I had a great time fishing at these anchorages and have written of the benefits of having a compact travel rod that would stow in my personal duffle when not in use. Back then, the only travel rod made and sold in Texas was the Zebco travel rod, and I replaced the Zebco 33 with a Abu Garcia 290 for saltwater bay fishing.

So it's been 20 years since I've done any crewing on a sailboat, the last one being a Catalina 25, just a slightly scaled down but otherwise identical version of the Catalina 27 I spent 10 years sailing on. As I said, the Catalina 25 had an AC and a generator as well as a hang-over-the-side-BBQ-Pit and a lot of interior room.

So the idea occurred to me that this would be an ideal inexpensive cabin for El Fisho Jr. and I, and of course, Mrs. El Fisho if she would join us. She doesn't care much for tent camping, but will do RV and trailer camping, so it's an idea.

I've seen screaming deals on supposedly seaworthy boats in the 25' and 27' range. I saw one recently sell for a little over $3k with a new ac, outboard motor, generator, sails, etc.

My idea is not to embark on a life of sailing, although I wouldn't be above occasionally flying a jib (rather than the main) and doing a little sailing. No, I'm El Fishing Musician. I want to fish, and play some guitar and relax with the waves 'neath the bow and the wind playing chimes on the sail ropes and mast cables.

My idea of an affordable weekend getaway would be a nice 27' boat moored at a marina at a constant level lake (Canyon comes to mind readily) with as big as an outboard motor as could be fitted to the boat with a steering wheel and throttle installed in the cockpit.

So you say, but El Fisho, why not get a cuddy cabin boat, a real motor boat, if you want to motor around?

And I can answer that question. First, you need a lot smaller, and thus, lot less expensive motor to move a 27' sailboat vs. a like-sized powerboat. The sailboat won't move near as fast as the motor boat, but it'll go plenty fast for finding a quiet cove to weigh anchor in and do some fishing and relaxing.

I envision something looking more like a trawler in the far east than a sailboat. They make a shade system for large sailboats that involves draping a canopy over the boom and then using ropes and the boats winches to hold it tight. It makes for a nice shady cockpit area while on the water, and I envision an extended one built onto some sort of carbon fiber tube rack that would also support a 10' lightweight foam dingy or several kayaks for excursion travel.

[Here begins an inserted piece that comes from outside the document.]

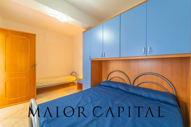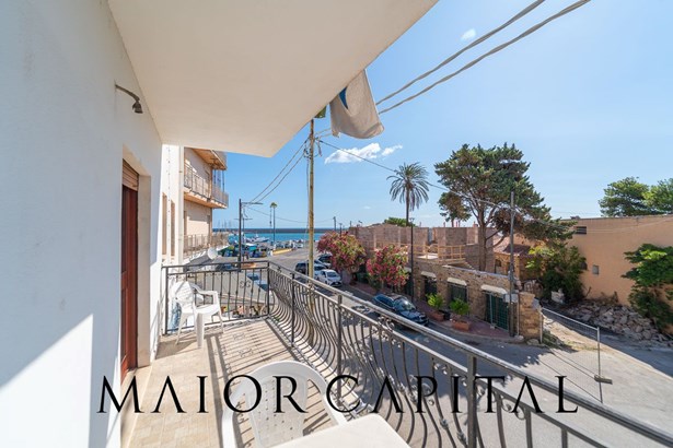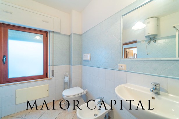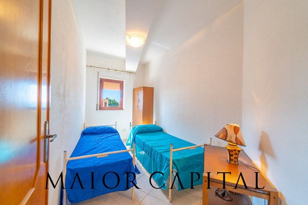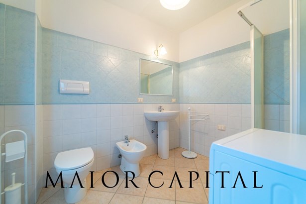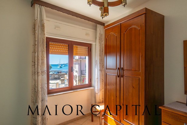 The sleeping area is well separated from the living area to ensure maximum privacy and living comfort. It includes a spacious double bedroom, with the possibility of inserting an additional bed, a second bright twin bedroom, enriched by a window with a suggestive view of the sea, and a third room, also a twin bedroom, extremely versatile: perfect to be used as a study, walk-in wardrobe or play area for the children. The sleeping area is completed by two windowed bathrooms, both with shower, finished with care and designed to offer functionality and well-being in daily life. At the rear of the dwelling, a convenient service courtyard represents a reserved space, ideal as a laundry or outdoor storage room.

I don't know what slip rates are nowadays. I suspect they are a lot more than I think they are, but I'm going to do some checking. Another alternative is keeping the boat dry stored at a marina. The procedure is that you call before you go down there and when you get there they have taken the crane and picked up your boat and it's in the water dockside awaiting your arrival. Theoretically.

I've also seen some ads on craigslist lately with folks looking to rent out their houseboats and sailboats. This would be a good way to check out this unique kind of camping, and if you're like me, it's the only kind of camping that the Mrs. and I may likely agree on.

I don't mind trailer or RV camping in a secluded locale, but I abhor RV and trailer parks. It's just too much like real life, like living in a subdivision or apartment, and I'll take an RV on the beach over a five-star RV park any day of the week.

The water has always been calming to me. With a reasonably priced used but seaworthy boat, in a nice freshwater lake with a fish population within a reasonable weekend driving distance, it'd be a nice weekend getaway for a fairly affordable amount.